» **Work instruction**: Whenever a picture appears in the data, skip it and write out all other material exactly.

» **Data block**:
>>>

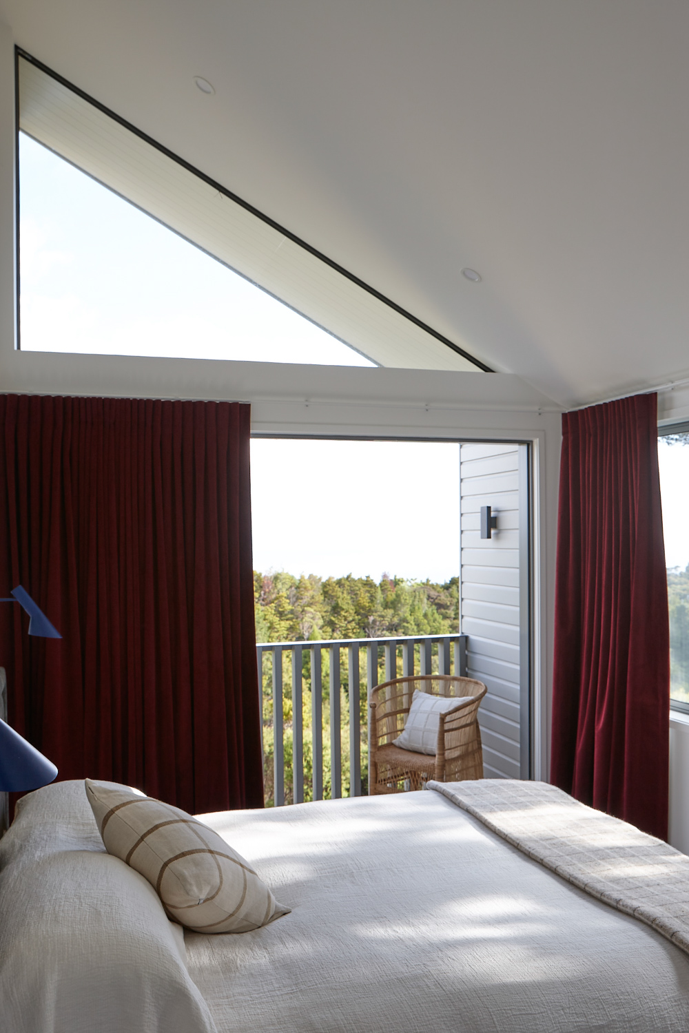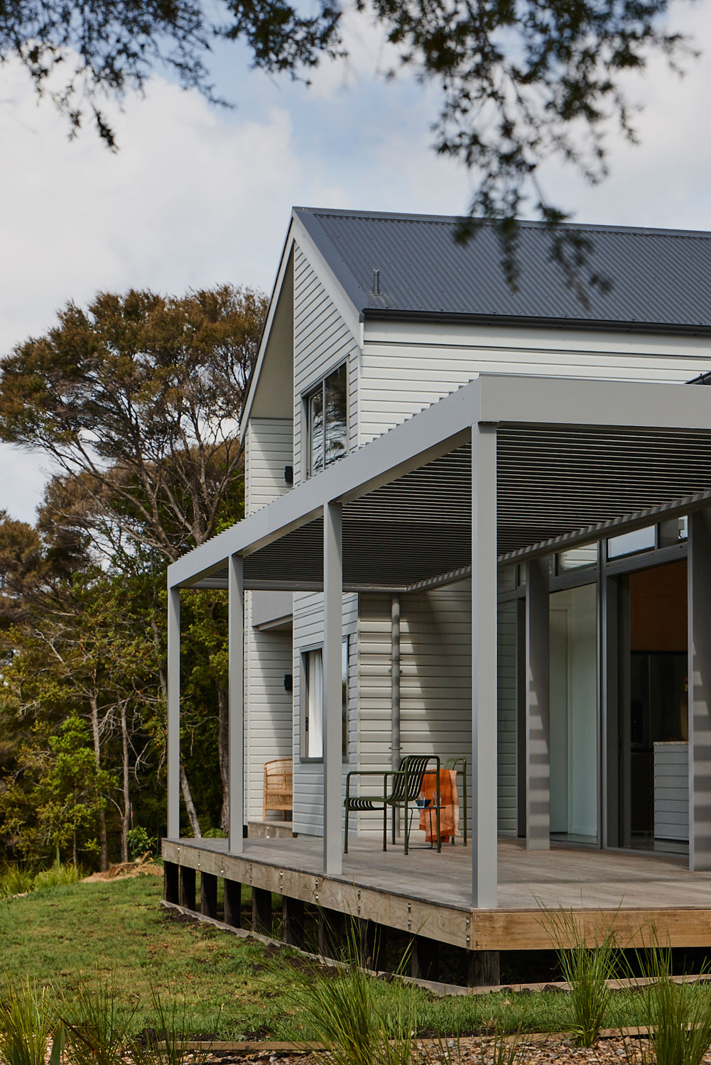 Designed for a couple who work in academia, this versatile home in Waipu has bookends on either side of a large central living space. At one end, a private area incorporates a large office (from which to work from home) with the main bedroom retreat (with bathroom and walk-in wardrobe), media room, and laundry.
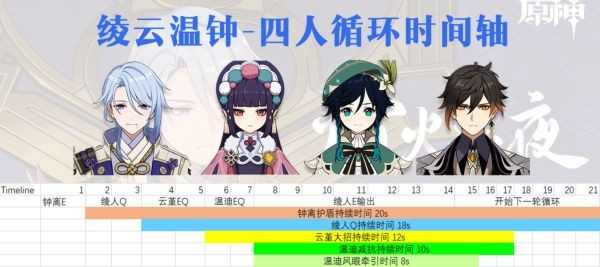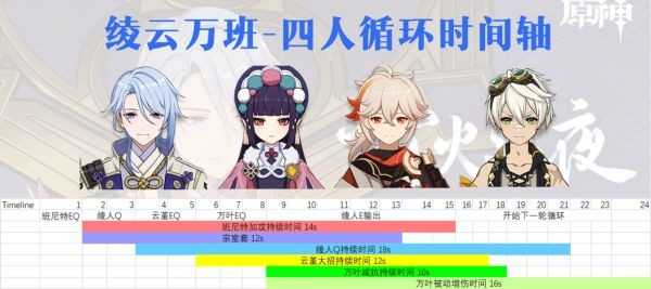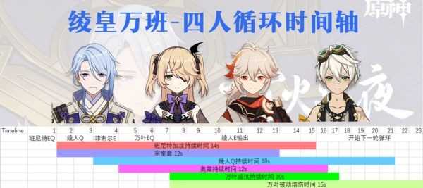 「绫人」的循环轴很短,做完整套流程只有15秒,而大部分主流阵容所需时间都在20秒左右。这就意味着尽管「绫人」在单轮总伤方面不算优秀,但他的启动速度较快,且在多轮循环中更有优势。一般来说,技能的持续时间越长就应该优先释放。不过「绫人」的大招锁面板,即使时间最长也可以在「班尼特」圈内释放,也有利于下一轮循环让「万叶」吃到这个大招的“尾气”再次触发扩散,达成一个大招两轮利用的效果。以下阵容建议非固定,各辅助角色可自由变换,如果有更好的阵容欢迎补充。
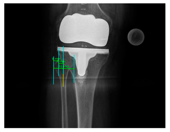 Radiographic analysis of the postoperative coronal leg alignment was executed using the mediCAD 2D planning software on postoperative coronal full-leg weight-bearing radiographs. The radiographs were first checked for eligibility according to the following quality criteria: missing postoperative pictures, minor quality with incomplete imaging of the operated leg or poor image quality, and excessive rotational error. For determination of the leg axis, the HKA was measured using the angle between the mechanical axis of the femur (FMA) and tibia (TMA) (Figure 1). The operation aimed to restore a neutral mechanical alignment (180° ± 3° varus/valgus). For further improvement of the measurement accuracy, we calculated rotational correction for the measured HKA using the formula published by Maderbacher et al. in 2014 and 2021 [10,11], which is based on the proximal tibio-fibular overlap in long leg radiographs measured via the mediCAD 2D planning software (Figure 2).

<<<

» **Task response**:
 Designed for a couple who work in academia, this versatile home in Waipu has bookends on either side of a large central living space. At one end, a private area incorporates a large office (from which to work from home) with the main bedroom retreat (with bathroom and walk-in wardrobe), media room, and laundry.
 「绫人」的循环轴很短,做完整套流程只有15秒,而大部分主流阵容所需时间都在20秒左右。这就意味着尽管「绫人」在单轮总伤方面不算优秀,但他的启动速度较快,且在多轮循环中更有优势。一般来说,技能的持续时间越长就应该优先释放。不过「绫人」的大招锁面板,即使时间最长也可以在「班尼特」圈内释放,也有利于下一轮循环让「万叶」吃到这个大招的“尾气”再次触发扩散,达成一个大招两轮利用的效果。以下阵容建议非固定,各辅助角色可自由变换,如果有更好的阵容欢迎补充。
 Radiographic analysis of the postoperative coronal leg alignment was executed using the mediCAD 2D planning software on postoperative coronal full-leg weight-bearing radiographs. The radiographs were first checked for eligibility according to the following quality criteria: missing postoperative pictures, minor quality with incomplete imaging of the operated leg or poor image quality, and excessive rotational error. For determination of the leg axis, the HKA was measured using the angle between the mechanical axis of the femur (FMA) and tibia (TMA) (Figure 1). The operation aimed to restore a neutral mechanical alignment (180° ± 3° varus/valgus). For further improvement of the measurement accuracy, we calculated rotational correction for the measured HKA using the formula published by Maderbacher et al. in 2014 and 2021 [10,11], which is based on the proximal tibio-fibular overlap in long leg radiographs measured via the mediCAD 2D planning software (Figure 2).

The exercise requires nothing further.